Outside of OpenFiler, your options would be other NAS OSes (FreeNAS, NASLite...), dedicated NAS appliances running custom software or completely rolling your own with a mainstream linux distribution (or Windows if you really want).
I have been experimenting with FreeNAS and OpenFiler for the past month or so. I am putting my eggs in the OpenFiler basket.
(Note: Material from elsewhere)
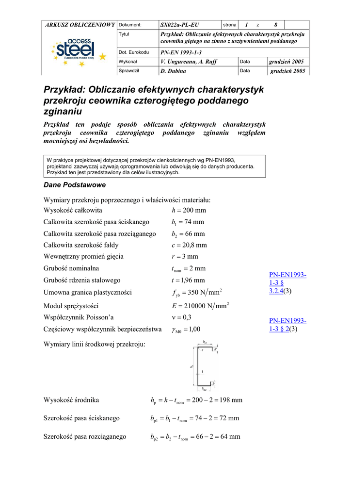 ARKUSZ OBLICZENIOWY Dokument: SX022a-PL-EU 1 strona z 8 Dot. Eurokodu Przykład: Obliczanie efektywnych charakterystyk przekroju ceownika giętego na zimno z usztywnieniami poddanego zginaniu PN-EN 1993-1-3 Wykonał V. Ungureanu, A. Ruff Data Sprawdził D. Dubina Data Tytuł grudzień 2005 grudzień 2005 Przykład: Obliczanie efektywnych charakterystyk przekroju ceownika czterogiętego poddanego zginaniu Przykład ten podaje sposób obliczania efektywnych charakterystyk przekroju ceownika czterogiętego poddanego zginaniu względem mocniejszej osi bezwładności. W praktyce projektowej dotyczącej przekrojów cienkościennych wg PN-EN1993, projektanci zazwyczaj uŜywają oprogramowania lub odwołują się do danych producenta. Przykład ten jest przedstawiony dla celów ilustracyjnych. Dane Podstawowe Wymiary przekroju poprzecznego i właściwości materiału: Wysokość całkowita h = 200 mm Całkowita szerokość pasa ściskanego b1 = 74 mm Całkowita szerokość pasa rozciąganego b2 = 66 mm Całkowita szerokość fałdy c = 20,8 mm Wewnętrzny promień gięcia r = 3 mm Grubość nominalna t nom = 2 mm Grubość rdzenia stalowego t = 1,96 mm Umowna granica plastyczności f yb = 350 N mm 2 Moduł spręŜystości E = 210000 N mm 2 Współczynnik Poisson’a ν = 0,3 Częściowy współczynnik bezpieczeństwa γ M0 = 1,00 Wymiary linii środkowej przekroju: Wysokość środnika hp = h − t nom = 200 − 2 = 198 mm Szerokość pasa ściskanego bp1 = b1 − t nom = 74 − 2 = 72 mm Szerokość pasa rozciąganego bp2 = b2 − t nom = 66 − 2 = 64 mm PN-EN19931-3 § 3.2.4(3) PN-EN19931-3 § 2(3) ARKUSZ OBLICZENIOWY Dokument: SX022a-PL-EU 2 strona z 8 Dot. Eurokodu Przykład: Obliczanie efektywnych charakterystyk przekroju ceownika giętego na zimno z usztywnieniami poddanego zginaniu PN-EN 1993-1-3 Wykonał V. Ungureanu, A. Ruff Data Sprawdził D. Dubina Data Tytuł grudzień 2005 grudzień 2005 cp = c − t nom 2 = 20,8 − 2 2 = 19,8 mm Szerokość fałdy Sprawdzanie proporcji geometrycznych Metoda projektowa zawarta w PN-EN1993 1-3 moŜe być stosowana jeŜeli są PN-EN1993spełnione następujące warunki: 1-3 § 5.2 b t ≤ 60 b1 t = 74 1,96 = 37,75 < 60 – OK c t ≤ 50 c t = 20,8 1,96 = 10,61 < 50 – OK h t ≤ 500 h t = 200 1,96 = 102,04 < 500 – OK Aby zapewnić wystarczająca sztywność, oraz by uniknąć utraty stateczności miejscowej ścianek usztywniających, wymiary tych ścianek powinny mieścić się w następujących granicach: 0,2 ≤ c b ≤ 0,6 c b1 = 20,8 74 = 0,28 0,2 < 0,28 < 0,6 – OK c b2 = 20,8 66 = 0,32 0,2 < 0,32 < 0,6 – OK Wpływ zaokrąglenia naroŜy jest zaniedbywalna jeŜeli: r t≤5 r t = 3 1,96 = 1,53 < 5 – OK r bp ≤ 0,10 r bp1 = 3 72 = 0,04 < 0,10 – OK r bp 2 = 3 64 = 0,05 < 0,10 – OK Charakterystyki przekroju całkowitego Abr = t (2cp + bp1 + bp2 + hp ) = 1,96 × (2 × 19,8 + 72 + 64 + 198) = 732 mm 2 PołoŜenie osi obojętnej w stosunku do pasa ściskanego: z b1 [c (h = p p ] − cp 2 ) + bp2 hp + hp2 2 + cp2 2 t Abr = 96,88 mm PN-EN19931-3 § 5.1(3) ARKUSZ OBLICZENIOWY Dokument: SX022a-PL-EU 3 strona 8 z Dot. Eurokodu Przykład: Obliczanie efektywnych charakterystyk przekroju ceownika giętego na zimno z usztywnieniami poddanego zginaniu PN-EN 1993-1-3 Wykonał V. Ungureanu, A. Ruff Data Sprawdził D. Dubina Data Tytuł grudzień 2005 grudzień 2005 Efektywne charakterystyki przekroju pasa i fałdy ściskanej Ogólnie jest stosowana procedura (iteracyjna) do obliczania efektywnych PN-EN1993charakterystyk pasa i fałdy ściskanej (płaskiego elementu z usztywnieniem). 1-3 § 5.5.3.2 Obliczenie powinno być wykonane w trzech krokach: Krok 1: Obliczanie początkowego efektywnego przekroju poprzecznego dla fałdy PN-EN1993uŜywając efektywnych szerokości pasa przyjmując, Ŝe ściskany pas jest 1-3 § 5.5.3.2 poparty z dwóch stron, fałda całkowicie usztywnia przekrój ( K = ∞ ), oraz Ŝe (3) nośność przekroju nie jest zmniejszana ( σ com,Ed = f yb / γ M 0 ). Efektywna szerokość pasa ściskanego Współczynnik rozkładu napręŜeń: ψ = 1 (równomierne ściskanie), więc współczynnik wyboczeniowy: kσ = 4 dla wewnętrznych ścianek ściskanych. ε = 235 f yb bp1 t 28,4 ε kσ = 72 1,96 = 0,789 28,4 × 235 350 × 4 Współczynnik redukcyjny szerokości: ρ= i PN-EN19931-5 § 4.4 Smukłość względna: λp,b = PN-EN19931-3 § 5.5.2 λp,b − 0,055(3 + ψ ) 0,789 − 0,055 × (3 + 1) = = 0,914 0,789 2 λp,b 2 Efektywna szerokość wynosi: beff = ρ bp1 = 0 ,914 × 72 = 65,8 mm be1 = be2 = 0 ,5beff = 0 ,5 × 65,8 = 32 ,9 mm ARKUSZ OBLICZENIOWY Dokument: SX022a-PL-EU strona 4 z 8 Dot. Eurokodu Przykład: Obliczanie efektywnych charakterystyk przekroju ceownika giętego na zimno z usztywnieniami poddanego zginaniu PN-EN 1993-1-3 Wykonał V. Ungureanu, A. Ruff Data Sprawdził D. Dubina Data Tytuł grudzień 2005 grudzień 2005 Efektywna szerokość fałdy krawędziowej Współczynnik wyboczeniowy: PN-EN19931-3 § 5.5.3.2 (5a) jeŜeli bp, c bp1 ≤ 0,35 : kσ = 0,5 jeŜeli 0,35 < bp, c bp1 ≤ 0,6 : kσ = 0,5 + 0,83 3 (bp,c bp1 − 0,35) 2 bp, c bp1 = 19,8 72 = 0,275 < 0,35 to kσ = 0,5 Smukłość względna: λp,c = cp t 28,4 ε kσ = PN-EN19931-5 § 4.4 19,8 1,96 = 0,614 28,4 × 235 350 × 0,5 Współczynnik redukcyjny szerokości: ρ= λp,c − 0,188 0,614 − 0,188 = = 1,13 0,614 2 λp,c 2 ale ρ ≤ 1 dlatego ρ =1 Efektywna szerokość wynosi: ceff = ρ cp = 1 × 19,8 = 19,8 mm PN-EN19931-3 § 5.5.3.2 (5a) Efektywny przekrój usztywnienia krawędziowego: ( ) ( ) As = t be2 + ceff = 1,96 × 32,9 + 19,8 = 103,3 mm 2 § 5.5.3.2 (6) Krok 2: UŜywając początkowego efektywnego przekroju usztywnienia, określa się PN-EN1993współczynnik redukcyjny, uwzględniając efekt ciągłego stęŜenia spręŜystego. 1-3 § 5.5.3.2 (3) ARKUSZ OBLICZENIOWY Dokument: SX022a-PL-EU strona 5 z Dot. Eurokodu Przykład: Obliczanie efektywnych charakterystyk przekroju ceownika giętego na zimno z usztywnieniami poddanego zginaniu PN-EN 1993-1-3 Wyk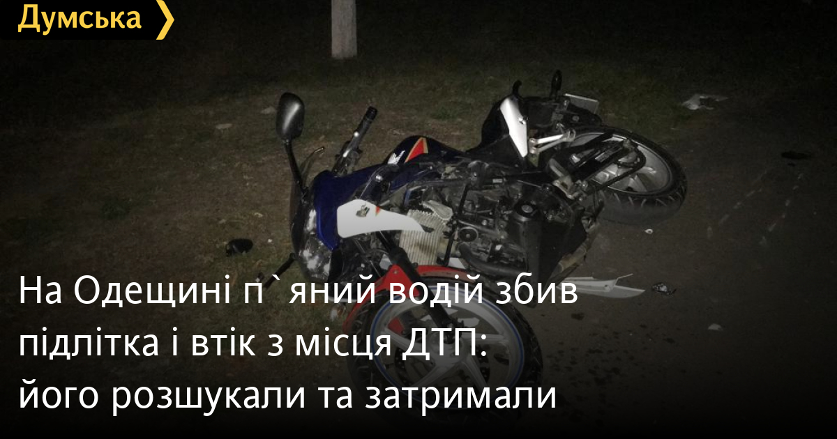 35-річного водія легковика, який п'яним збив підлітка на мотоциклі та залишив місце пригоди, затримали.

I haven't been running in a production environment, but all the research I have done points to OpenFiler as being the Enterprise solution compared to other NAS OSes and NAS Appliances. In pretty much all performance reviews I have seen it out performs those solutions. This is of course based on the hardware you are running from and how you tune the server. Also, based on my research, anyone who has purchased the support package has mentioned their support is very exceptional.
You can also see someones comparison of FreeNAS to OpenFiler here to get some ideas of what sort of performance they saw with OpenFiler.
http://www.scribd.com/doc/29643/OpenFiler-vs-FreeNAS
I have not compared OpenFiler to custom solutions though. Some people prefer to support and maintain a more common linux distribution like ubuntu and expose NAS features manually. I think this would be the preferred solution if you are running on uncommon hardware. That is something that I am not interested in doing. I'd imagine you could get as good or possibly better performance with a custom solution depending on your hardware and the support for it.
So as long as you have got a decent hardware setup and a support package, I'd say OpenFiler would be a success in production. Just be sure to check the hardware compatibility page.
Additional Edit: Make sure when you set up openfiler you do it with all new drives which do not have any data. Openfiler uses LVM and doesn't play nicely with drives with existing partitions on them. It will probably be easiest to setup openfiler with nothing on it, then migrate your documents and images later.